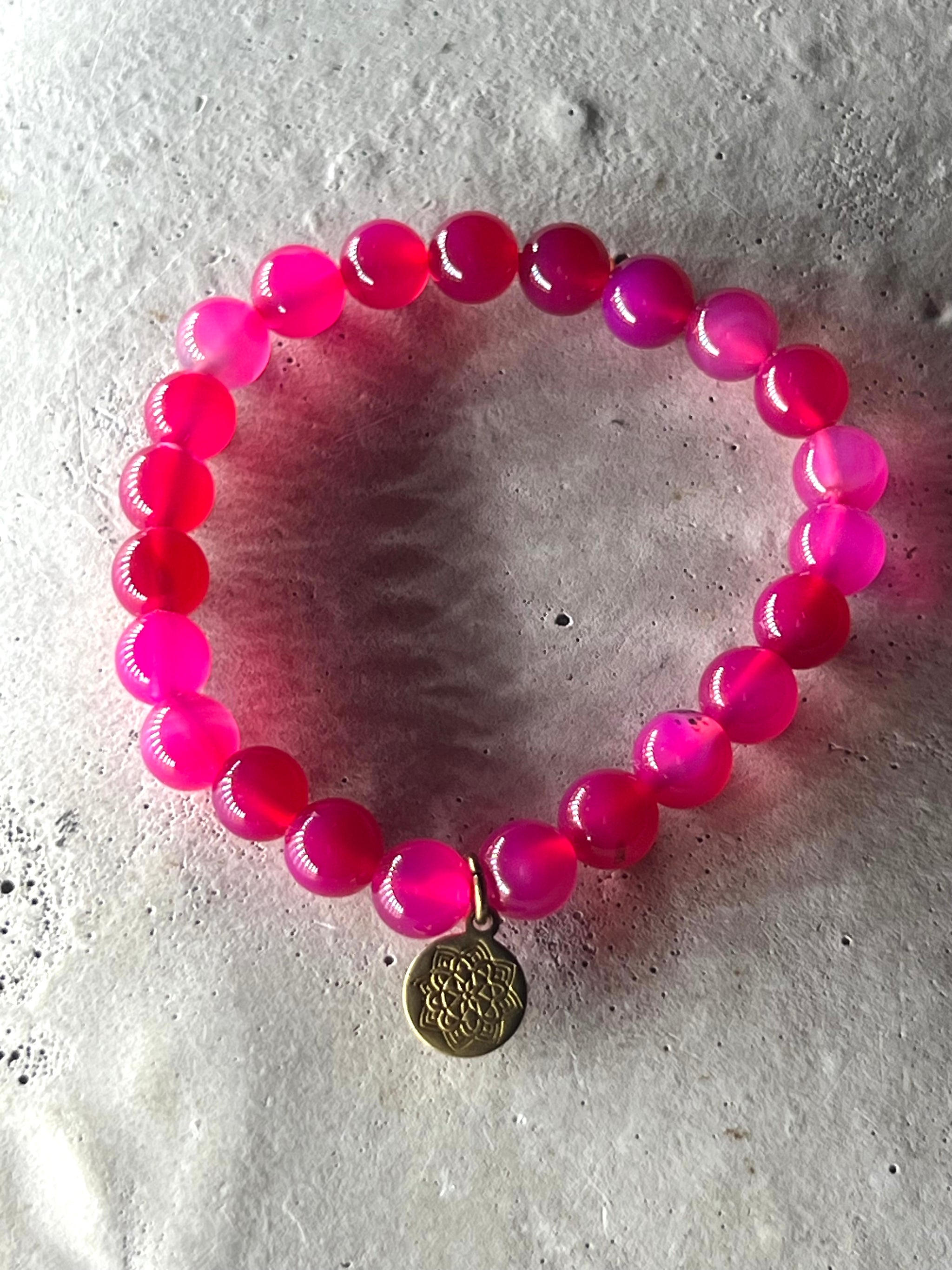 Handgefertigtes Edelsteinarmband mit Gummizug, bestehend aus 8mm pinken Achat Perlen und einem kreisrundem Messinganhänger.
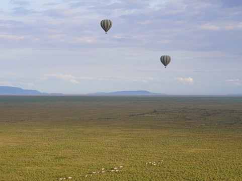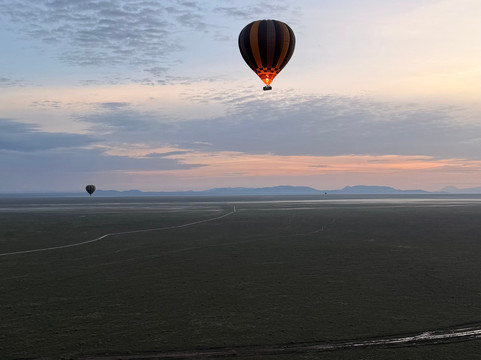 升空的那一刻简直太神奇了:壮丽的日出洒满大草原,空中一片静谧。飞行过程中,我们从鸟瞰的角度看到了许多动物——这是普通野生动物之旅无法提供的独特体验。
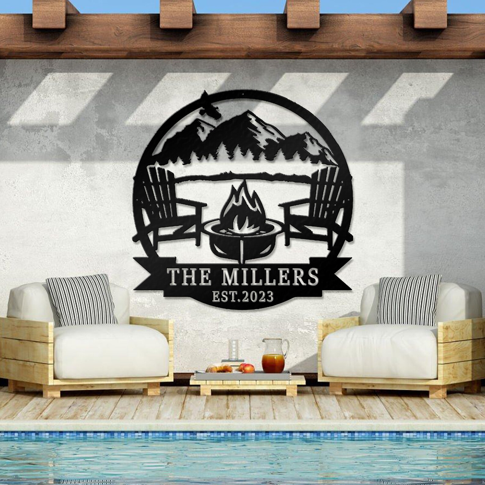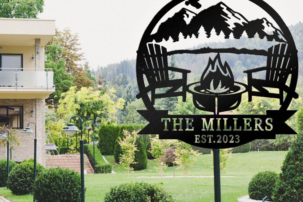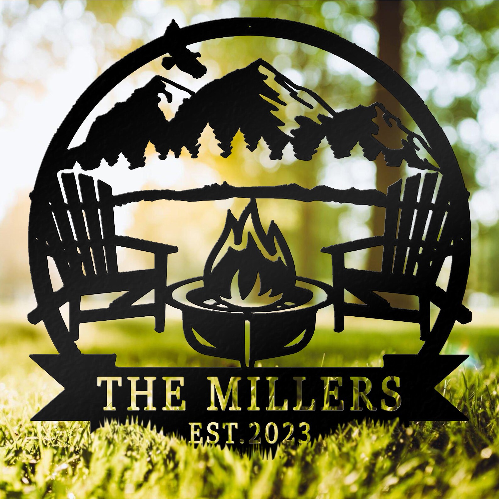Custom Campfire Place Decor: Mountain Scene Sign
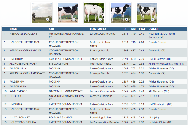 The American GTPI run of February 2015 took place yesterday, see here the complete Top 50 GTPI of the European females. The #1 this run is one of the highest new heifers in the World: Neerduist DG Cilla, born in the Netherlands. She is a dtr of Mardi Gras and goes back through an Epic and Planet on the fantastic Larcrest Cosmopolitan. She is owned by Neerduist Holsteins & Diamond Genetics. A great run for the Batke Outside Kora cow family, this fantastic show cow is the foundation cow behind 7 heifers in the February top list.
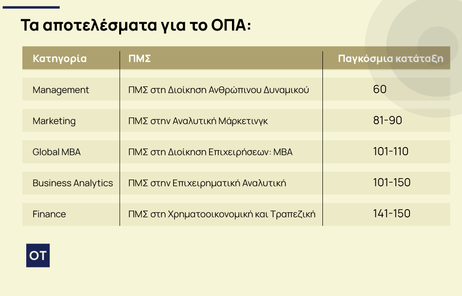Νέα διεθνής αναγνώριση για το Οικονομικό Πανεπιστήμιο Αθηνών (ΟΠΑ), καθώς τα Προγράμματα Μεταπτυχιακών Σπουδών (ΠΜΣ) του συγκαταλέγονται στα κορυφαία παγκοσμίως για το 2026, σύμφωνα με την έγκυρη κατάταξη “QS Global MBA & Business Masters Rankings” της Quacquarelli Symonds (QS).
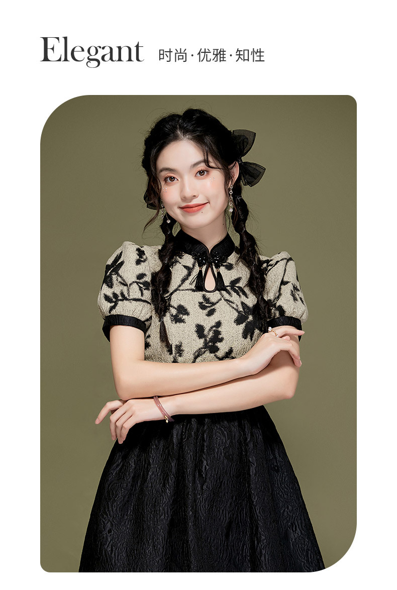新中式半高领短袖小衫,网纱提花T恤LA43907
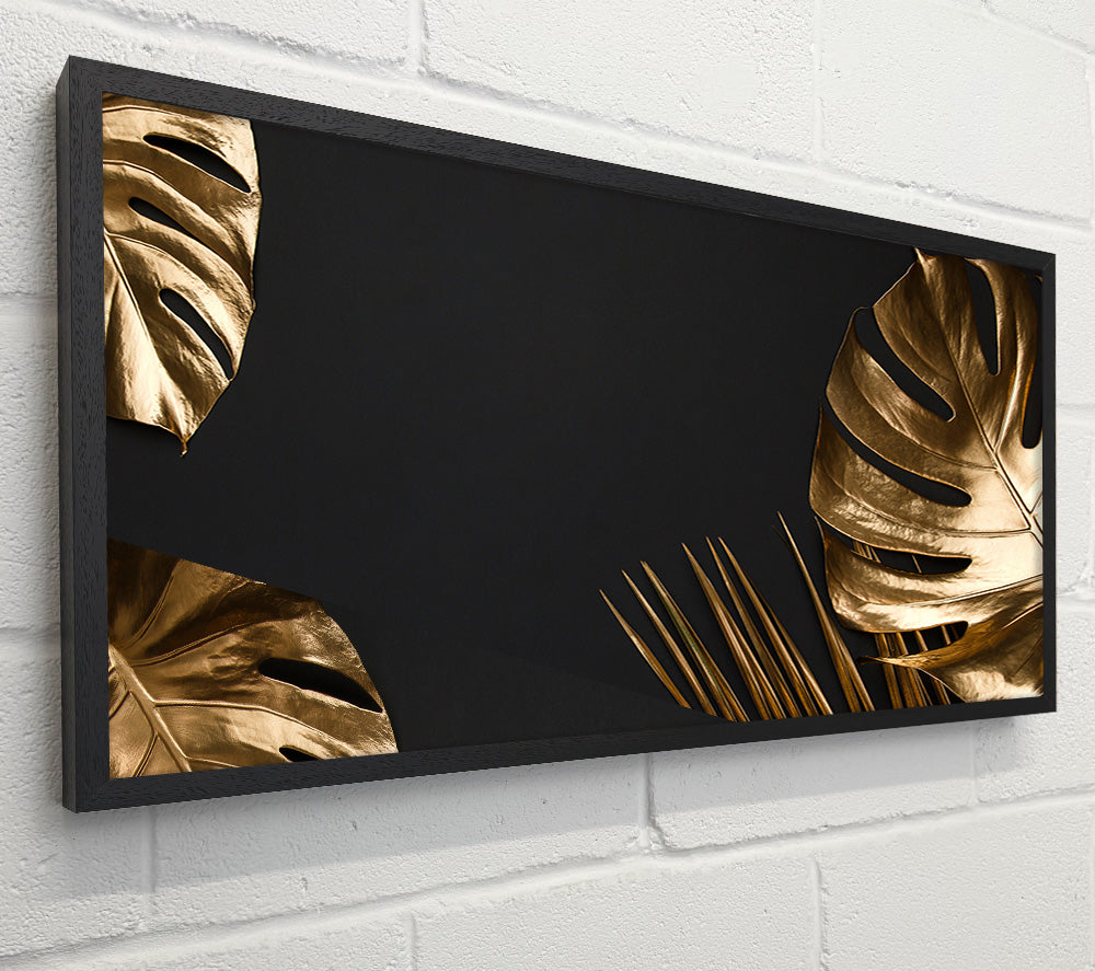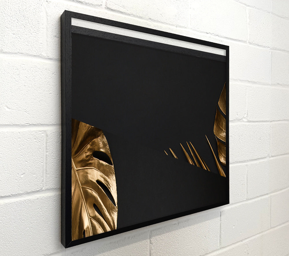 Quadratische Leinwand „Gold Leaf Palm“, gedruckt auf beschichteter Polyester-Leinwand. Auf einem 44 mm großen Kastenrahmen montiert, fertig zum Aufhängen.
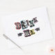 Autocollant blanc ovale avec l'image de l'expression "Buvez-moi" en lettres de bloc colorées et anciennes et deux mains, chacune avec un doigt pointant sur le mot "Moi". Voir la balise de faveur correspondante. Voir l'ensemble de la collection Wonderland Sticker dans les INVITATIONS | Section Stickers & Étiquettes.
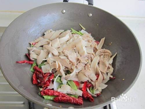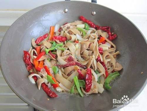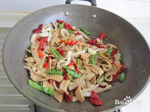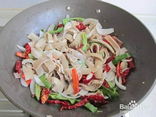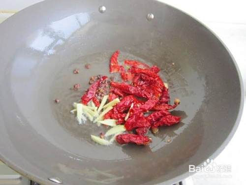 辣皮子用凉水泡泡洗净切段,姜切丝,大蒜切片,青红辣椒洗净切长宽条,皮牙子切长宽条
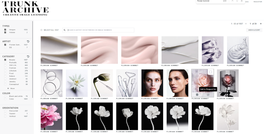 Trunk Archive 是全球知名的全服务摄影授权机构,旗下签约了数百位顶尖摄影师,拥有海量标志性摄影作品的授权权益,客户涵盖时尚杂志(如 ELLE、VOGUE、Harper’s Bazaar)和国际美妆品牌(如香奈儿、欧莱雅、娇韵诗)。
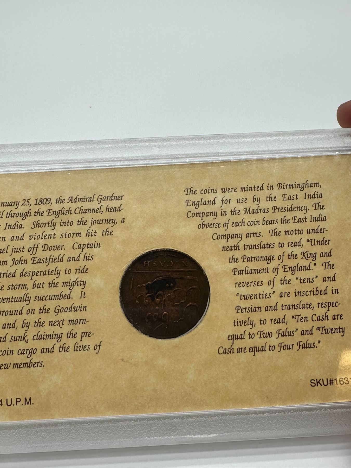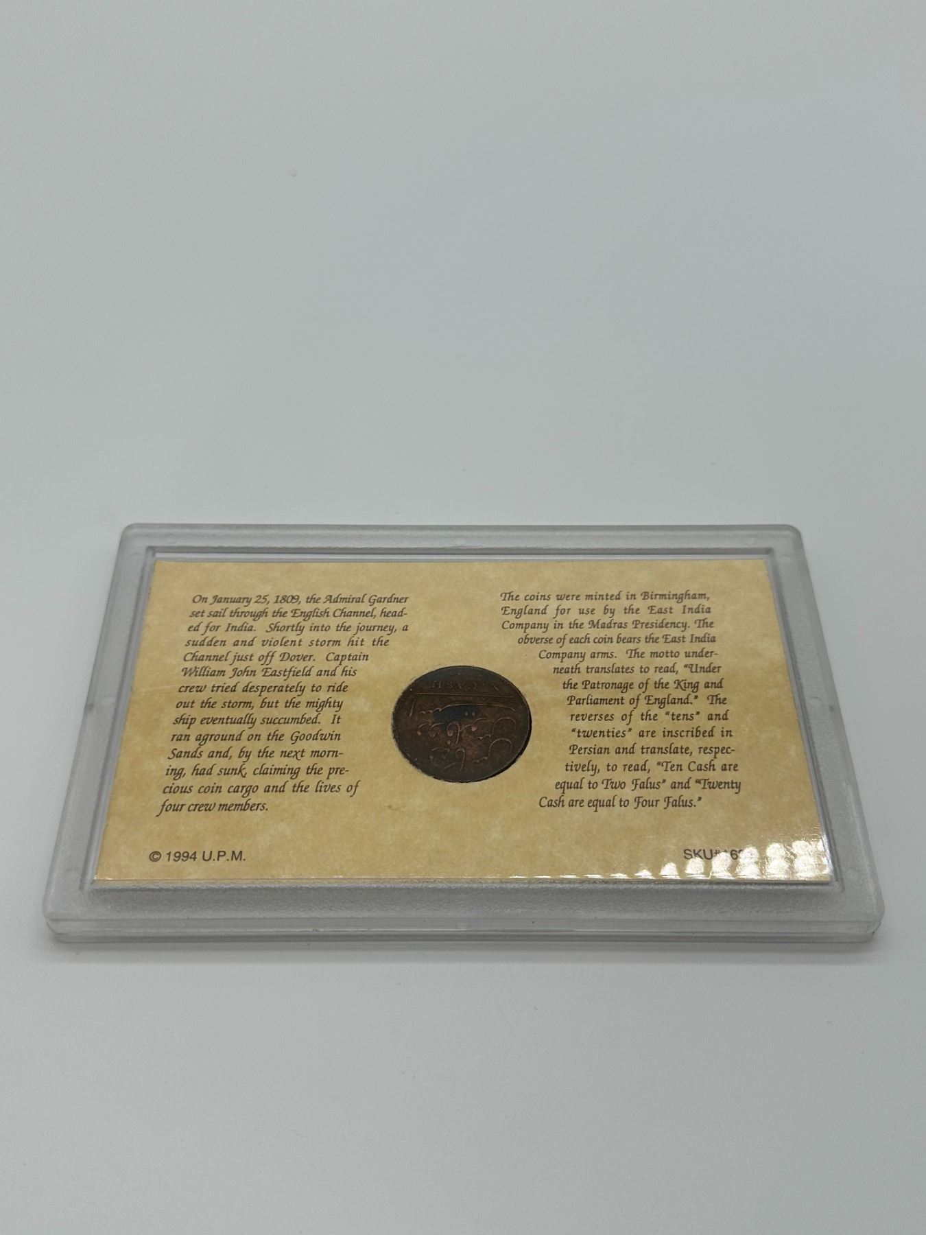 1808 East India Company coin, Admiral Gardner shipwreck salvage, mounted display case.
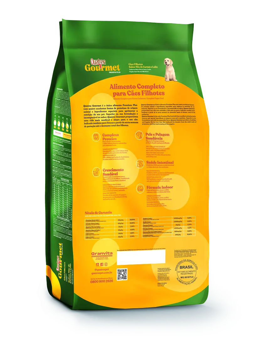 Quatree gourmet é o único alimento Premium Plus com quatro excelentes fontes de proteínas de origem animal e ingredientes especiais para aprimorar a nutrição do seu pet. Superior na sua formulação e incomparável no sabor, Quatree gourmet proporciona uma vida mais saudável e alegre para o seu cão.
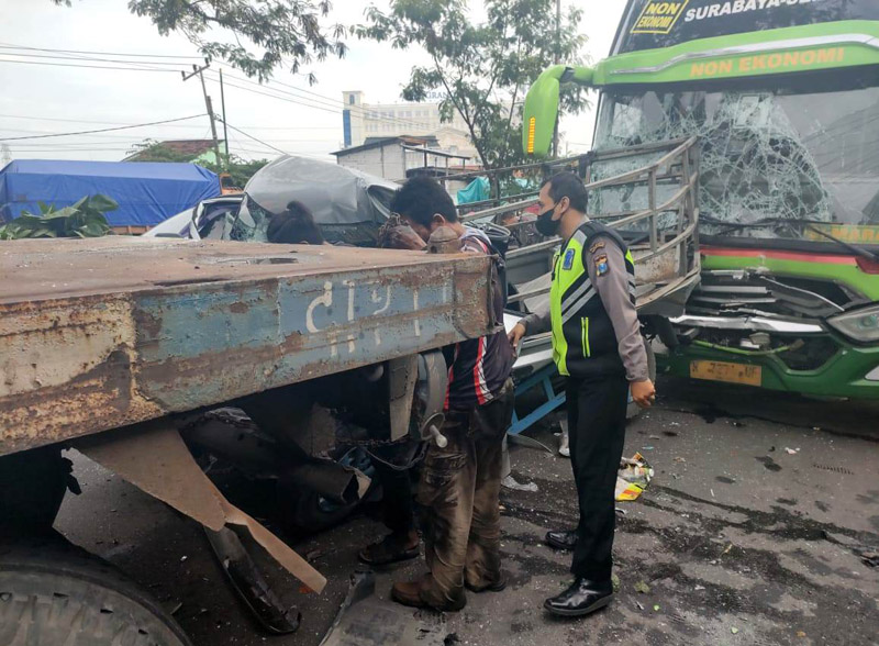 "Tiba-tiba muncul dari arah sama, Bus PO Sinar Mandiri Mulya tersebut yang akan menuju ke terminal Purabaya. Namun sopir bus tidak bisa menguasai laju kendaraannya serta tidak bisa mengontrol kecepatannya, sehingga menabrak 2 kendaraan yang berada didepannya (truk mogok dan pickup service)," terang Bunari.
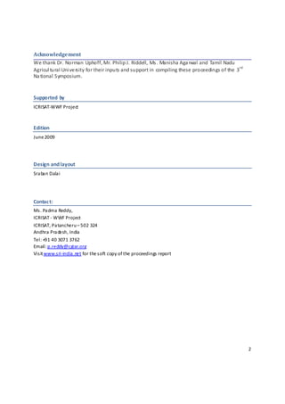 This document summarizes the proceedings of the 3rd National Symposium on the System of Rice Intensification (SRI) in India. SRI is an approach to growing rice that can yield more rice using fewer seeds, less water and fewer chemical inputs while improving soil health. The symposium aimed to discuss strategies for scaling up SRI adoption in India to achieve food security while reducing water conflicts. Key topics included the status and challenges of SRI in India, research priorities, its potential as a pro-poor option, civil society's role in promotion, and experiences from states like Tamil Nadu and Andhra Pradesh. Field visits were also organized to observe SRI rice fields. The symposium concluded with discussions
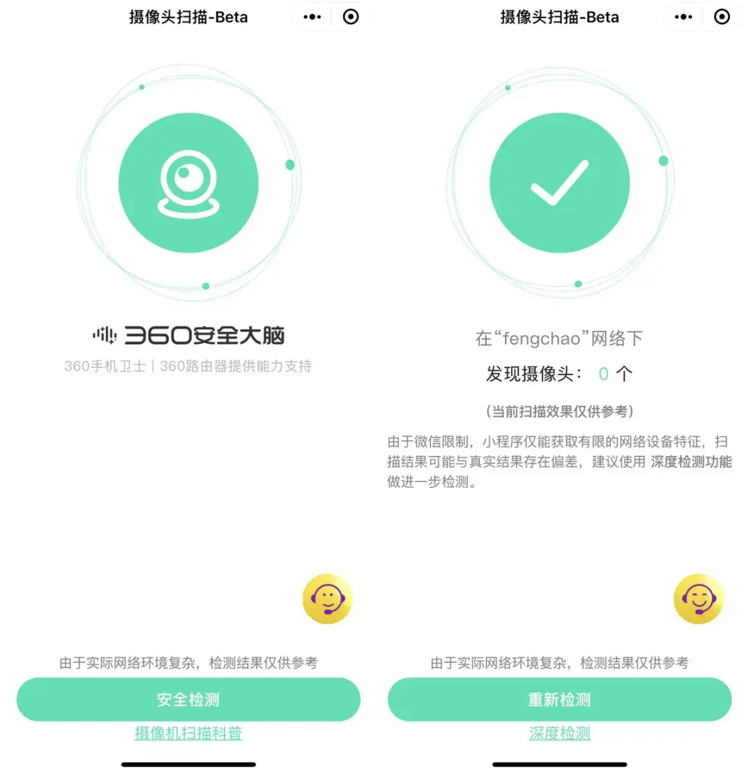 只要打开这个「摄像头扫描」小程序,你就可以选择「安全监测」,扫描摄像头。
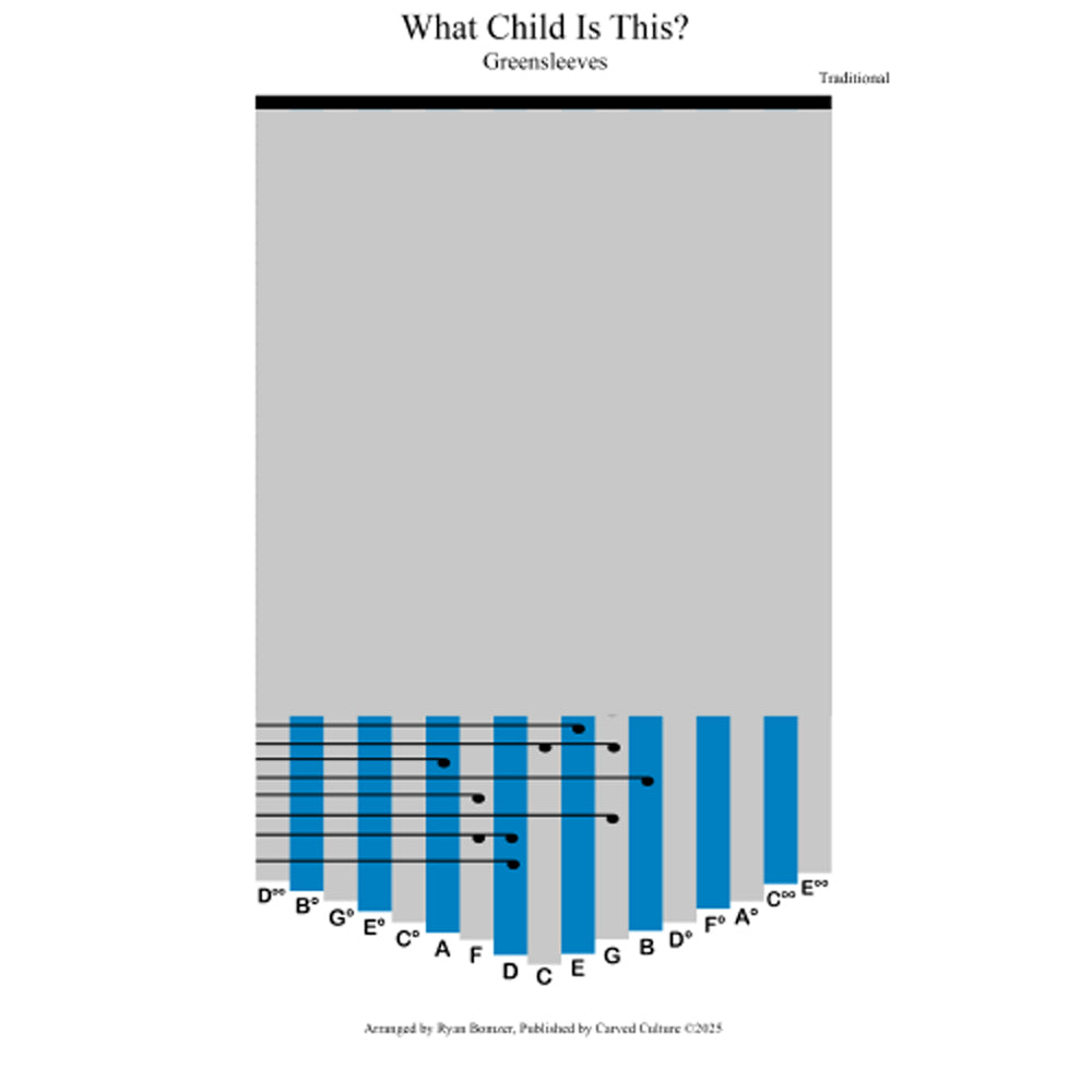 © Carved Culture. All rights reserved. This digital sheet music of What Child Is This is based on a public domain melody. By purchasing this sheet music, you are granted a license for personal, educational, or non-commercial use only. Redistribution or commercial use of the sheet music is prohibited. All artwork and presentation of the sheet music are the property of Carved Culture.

◆ ◆ ◆ ◆ ◆

Required action – Word for word, quote the lines above. Omit the pictures.

Result –
 Handgefertigtes Edelsteinarmband mit Gummizug, bestehend aus 8mm pinken Achat Perlen und einem kreisrundem Messinganhänger.
 升空的那一刻简直太神奇了:壮丽的日出洒满大草原,空中一片静谧。飞行过程中,我们从鸟瞰的角度看到了许多动物——这是普通野生动物之旅无法提供的独特体验。
Custom Campfire Place Decor: Mountain Scene Sign
 The American GTPI run of February 2015 took place yesterday, see here the complete Top 50 GTPI of the European females. The #1 this run is one of the highest new heifers in the World: Neerduist DG Cilla, born in the Netherlands. She is a dtr of Mardi Gras and goes back through an Epic and Planet on the fantastic Larcrest Cosmopolitan. She is owned by Neerduist Holsteins & Diamond Genetics. A great run for the Batke Outside Kora cow family, this fantastic show cow is the foundation cow behind 7 heifers in the February top list.
Νέα διεθνής αναγνώριση για το Οικονομικό Πανεπιστήμιο Αθηνών (ΟΠΑ), καθώς τα Προγράμματα Μεταπτυχιακών Σπουδών (ΠΜΣ) του συγκαταλέγονται στα κορυφαία παγκοσμίως για το 2026, σύμφωνα με την έγκυρη κατάταξη “QS Global MBA & Business Masters Rankings” της Quacquarelli Symonds (QS).
新中式半高领短袖小衫,网纱提花T恤LA43907
 Quadratische Leinwand „Gold Leaf Palm“, gedruckt auf beschichteter Polyester-Leinwand. Auf einem 44 mm großen Kastenrahmen montiert, fertig zum Aufhängen.
 Autocollant blanc ovale avec l'image de l'expression "Buvez-moi" en lettres de bloc colorées et anciennes et deux mains, chacune avec un doigt pointant sur le mot "Moi". Voir la balise de faveur correspondante. Voir l'ensemble de la collection Wonderland Sticker dans les INVITATIONS | Section Stickers & Étiquettes.
 辣皮子用凉水泡泡洗净切段,姜切丝,大蒜切片,青红辣椒洗净切长宽条,皮牙子切长宽条
 Trunk Archive 是全球知名的全服务摄影授权机构,旗下签约了数百位顶尖摄影师,拥有海量标志性摄影作品的授权权益,客户涵盖时尚杂志(如 ELLE、VOGUE、Harper’s Bazaar)和国际美妆品牌(如香奈儿、欧莱雅、娇韵诗)。
 1808 East India Company coin, Admiral Gardner shipwreck salvage, mounted display case.
 Quatree gourmet é o único alimento Premium Plus com quatro excelentes fontes de proteínas de origem animal e ingredientes especiais para aprimorar a nutrição do seu pet. Superior na sua formulação e incomparável no sabor, Quatree gourmet proporciona uma vida mais saudável e alegre para o seu cão.
 "Tiba-tiba muncul dari arah sama, Bus PO Sinar Mandiri Mulya tersebut yang akan menuju ke terminal Purabaya. Namun sopir bus tidak bisa menguasai laju kendaraannya serta tidak bisa mengontrol kecepatannya, sehingga menabrak 2 kendaraan yang berada didepannya (truk mogok dan pickup service)," terang Bunari.
 This document summarizes the proceedings of the 3rd National Symposium on the System of Rice Intensification (SRI) in India. SRI is an approach to growing rice that can yield more rice using fewer seeds, less water and fewer chemical inputs while improving soil health. The symposium aimed to discuss strategies for scaling up SRI adoption in India to achieve food security while reducing water conflicts. Key topics included the status and challenges of SRI in India, research priorities, its potential as a pro-poor option, civil society's role in promotion, and experiences from states like Tamil Nadu and Andhra Pradesh. Field visits were also organized to observe SRI rice fields. The symposium concluded with discussions
 只要打开这个「摄像头扫描」小程序,你就可以选择「安全监测」,扫描摄像头。
 © Carved Culture. All rights reserved. This digital sheet music of What Child Is This is based on a public domain melody. By purchasing this sheet music, you are granted a license for personal, educational, or non-commercial use only. Redistribution or commercial use of the sheet music is prohibited. All artwork and presentation of the sheet music are the property of Carved Culture.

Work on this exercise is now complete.